If the resource is intended to be public eventually, it is easier to make it public from the beginning (i.e. hosting it in an open repository on GitHub). This makes it easy to invite collaborators, provides a consistent workflow to save effort re-tooling later, and prevents inadvertently using non-open components that would delay the release. It also gives you access to innumerable free services available to open source projects (such as GitHub Actions). If there are issues blocking this initially, you can still use a private GitHub repository with limited invited collaborators, which will be easy to make public later. Perhaps what you are working on right now is difficult to make public, but you can also consider releasing old projects - it is worth the effort to make public what you can.

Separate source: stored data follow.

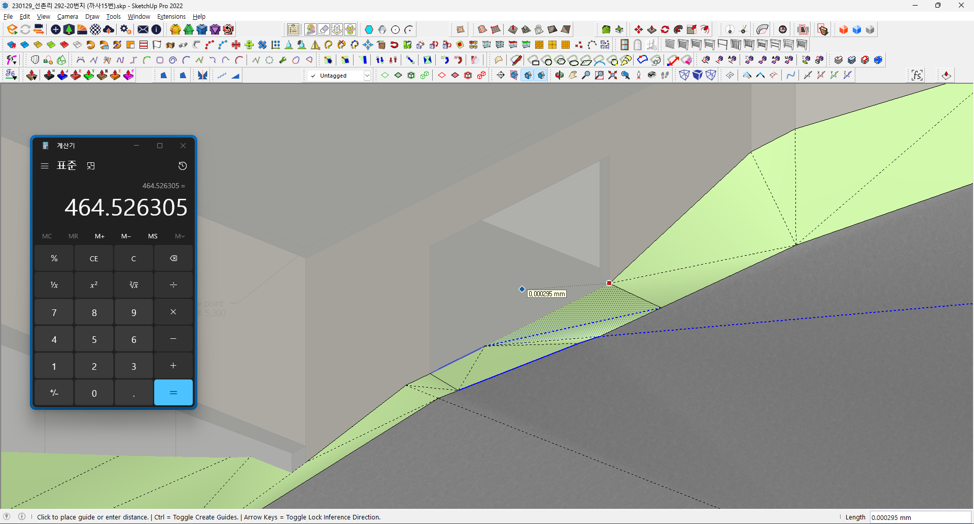 0.000000.. 이 나오면 좋겠지만 이렇게 미세한 오차가 생긴다 (멍청한 스케치업)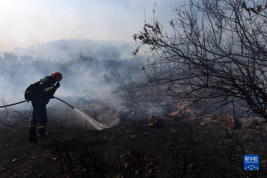 8月23日,消防员在希腊雅典西北的维利亚村进行灭火作业。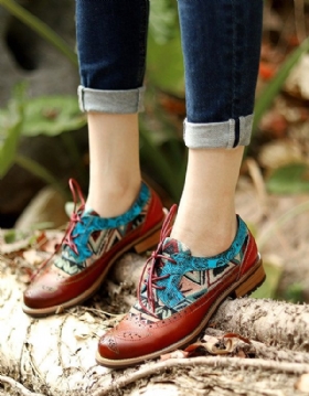Komfortable Myke Retro Flate Sko I Mykt Skinn Med Snøring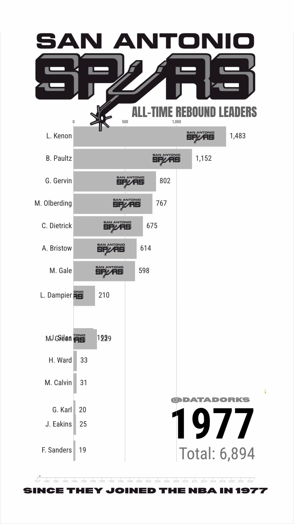 Roughly 15% of every rebound in the 50+ history of the Spurs came from Timmy & The Admiral.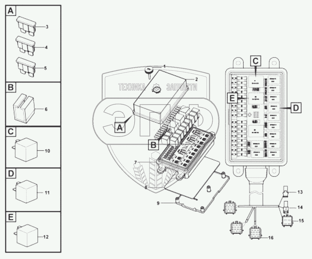 Каталог запасных частей к технике: SDLG LG953N. Fuse and relay unit (330602)

Create a new repo on GitHub
- Choose a name that identifies the scope, e.g. Swarm_notebooks, IAGA_SummerSchool2019, viresclient_examples
- Choose a license (this is important to allow others to legally reuse your code - if you don’t know and just want to make it free to use, pick the MIT license)
- Add a README - written in markdown (.md) (easier) or reStructuredText (.rst)
- Follow the instructions to clone it locally
Keep the README updated as the project evolves. This is the first point of call for someone coming across your repository so try to keep it brief yet informative.
- List contributors, contact info, instructions for contributing
- Provide instructions for using the notebooks (any external data or software required?)
- Describe the contents of the notebooks (consider a table of contents)
- Add badges at the top of the README - see Repository badges
Add notebooks following a naming convention, for example:
- If the repository is a tutorial, number them in sequence: 01_introduction.ipynb, 02_first_steps.ipynb
- If there will be several similar experimentative notebooks, append/prepend author initials and dates: 1_exploratory_analysis_AS_2019-01-01.ipynb
If there are files other than notebooks, use a structure like:

.
├── LICENSE
├── README.md
├── environment.yml
├── data
│    ├── ...           <- Small volumes of data that cannot be robustly accessed in another way
│                       - TODO: For larger data, see below
├── notebooks
│    ├── ...           <- Jupyter notebooks
└── src
     ├── __init__.py   <- Makes src a Python module
     ├── ...           <- Shared module for this project
                        - This can include functions/classes used in more than one notebook
                        - TODO: Instructions for importing from here

[More info on this structure]

To do

License recommendations
Handling version control
Making portable with env/reqs specification
Handling software and data deps (internal/external …)
Data dependencies:
- Go to the source - pull in from somewhere else (with initial build script, or within notebook)
- Git-LFS
- Institutional/external server (with some guarantee that it will remain accessible in the same format…)
- Cloud bucket and using Intake
Automated testing

Repository badges#

“Badges” provide at-a-glance info and dynamic links for metadata, tools to interact with the code, information from services monitoring code health etc. For example, NBViewer renders notebooks better than GitHub. These badges can be added to the project README. You can create a badge using code like below:

Markdown:

[![nbviewer](https://img.shields.io/badge/render-nbviewer-orange.svg)](https://nbviewer.jupyter.org/github/smithara/IAGA_SummerSchool2019/tree/master/notebooks/)

reStructuredText:

.. image:: https://img.shields.io/badge/render-nbviewer-orange.svg
   :target: https://nbviewer.jupyter.org/github/smithara/IAGA_SummerSchool2019/tree/master/notebooks/

nbgitpuller#

nbgitpuller is a tool which enables the creation of magic links that tell Jupyter to automatically pull in an external git repository. The extension is installed on the VRE so that you can use the nbgitpuller link generator to provide an easy way for others to access your notebooks (beware that there is automatic merging behaviour that you may not want).